Goal of the exercise: The answer must reproduce the listing exactly, with every picture left out.

-------- Given data --------

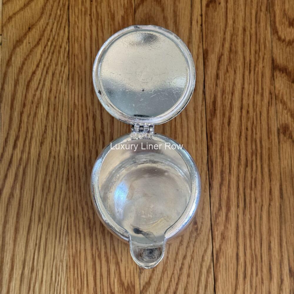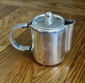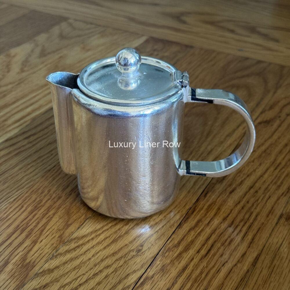 Rarely seen hot-water jug form the service of the ss Normandie.  You can tell this is for hot water because of the spacers between the pot and the handle.  These spacers keep the handle cool to the touch.  Made by Christofle and measures about 5.5″ handle to spout.  The most Art Deco tea service of any ship or line.  JF
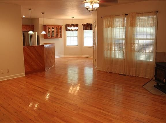 Seller had this beautiful Ranch home built. It is nestled on 5 acres and sits 250 feet from the road. Offers 3 bedrooms, 2.1 baths, large entry (10x6), and a 3 car garage with 9' wide doors. Gorgeous hardwood flooring through out except for Kitchen, baths, laundry room and entry which offer tile flooring. Master Bedroom has a walk in closet. Eat In Kitchen and a Formal Dining Room or could be used as a Great Room. Laundry Room is 11x7 and has built ins and a sink. Interior has been recently painted. All electric home sits on treed acreage where you can enjoy watching wildlife either from your front yard or sitting on your covered deck that walks out from the Kitchen Living Room area. Basement is unfinished waiting for you to finish to your liking. Roof appx 7 years with newer gutters and gutter guards. Vinyl windows. Attic fan. 200 amp service with plug at service panel for generator. Subdivision is North of 50 Hwy or 10 miles South of I-70, East side of Z Hwy.
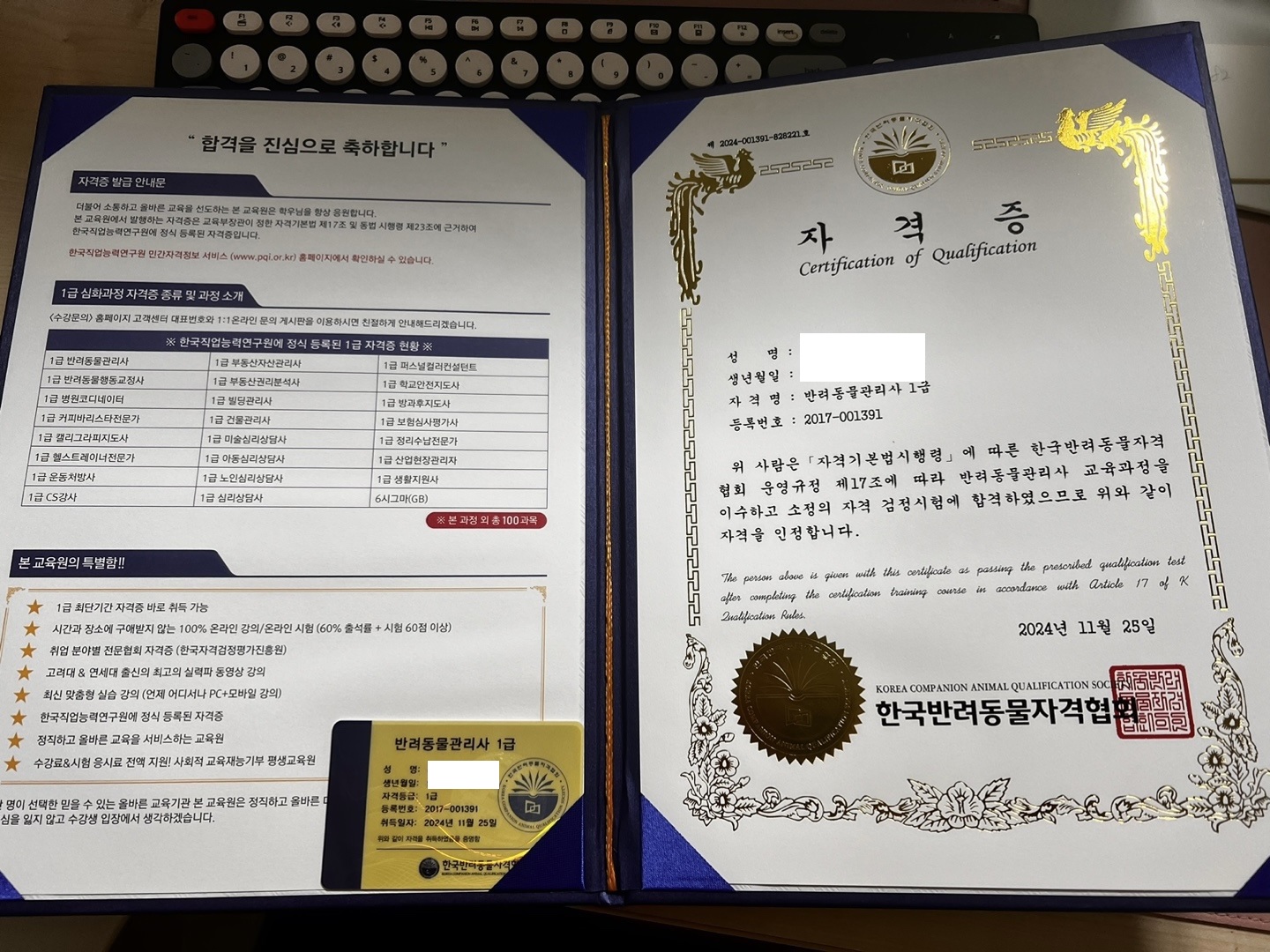 우연히 SNS에 반려동물관리사를 무료로 취득할 수 있다는 광고를 보고 알아봤습니다.
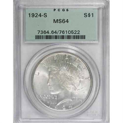 <B>1924-S $1 MS64 PCGS.</B></I> A lustrous near-Gem with attractive apricot color and a good strike. A nicely preserved example of this scarce low mintage issue. In a green label holder.<BR><BR><B>Coin Engraver:</B> Anthony de Francisci<BR><BR><b>Shipping:</b> Coins & Currency (<a target="_blank" href="http://www.heritageauctions.com/common/shipping.php">view shipping information</a>)

--------

Finished task:
 Rarely seen hot-water jug form the service of the ss Normandie.  You can tell this is for hot water because of the spacers between the pot and the handle.  These spacers keep the handle cool to the touch.  Made by Christofle and measures about 5.5″ handle to spout.  The most Art Deco tea service of any ship or line.  JF
 Seller had this beautiful Ranch home built. It is nestled on 5 acres and sits 250 feet from the road. Offers 3 bedrooms, 2.1 baths, large entry (10x6), and a 3 car garage with 9' wide doors. Gorgeous hardwood flooring through out except for Kitchen, baths, laundry room and entry which offer tile flooring. Master Bedroom has a walk in closet. Eat In Kitchen and a Formal Dining Room or could be used as a Great Room. Laundry Room is 11x7 and has built ins and a sink. Interior has been recently painted. All electric home sits on treed acreage where you can enjoy watching wildlife either from your front yard or sitting on your covered deck that walks out from the Kitchen Living Room area. Basement is unfinished waiting for you to finish to your liking. Roof appx 7 years with newer gutters and gutter guards. Vinyl windows. Attic fan. 200 amp service with plug at service panel for generator. Subdivision is North of 50 Hwy or 10 miles South of I-70, East side of Z Hwy.
 우연히 SNS에 반려동물관리사를 무료로 취득할 수 있다는 광고를 보고 알아봤습니다.
 <B>1924-S $1 MS64 PCGS.</B></I> A lustrous near-Gem with attractive apricot color and a good strike. A nicely preserved example of this scarce low mintage issue. In a green label holder.<BR><BR><B>Coin Engraver:</B> Anthony de Francisci<BR><BR><b>Shipping:</b> Coins & Currency (<a target="_blank" href="http://www.heritageauctions.com/common/shipping.php">view shipping information</a>)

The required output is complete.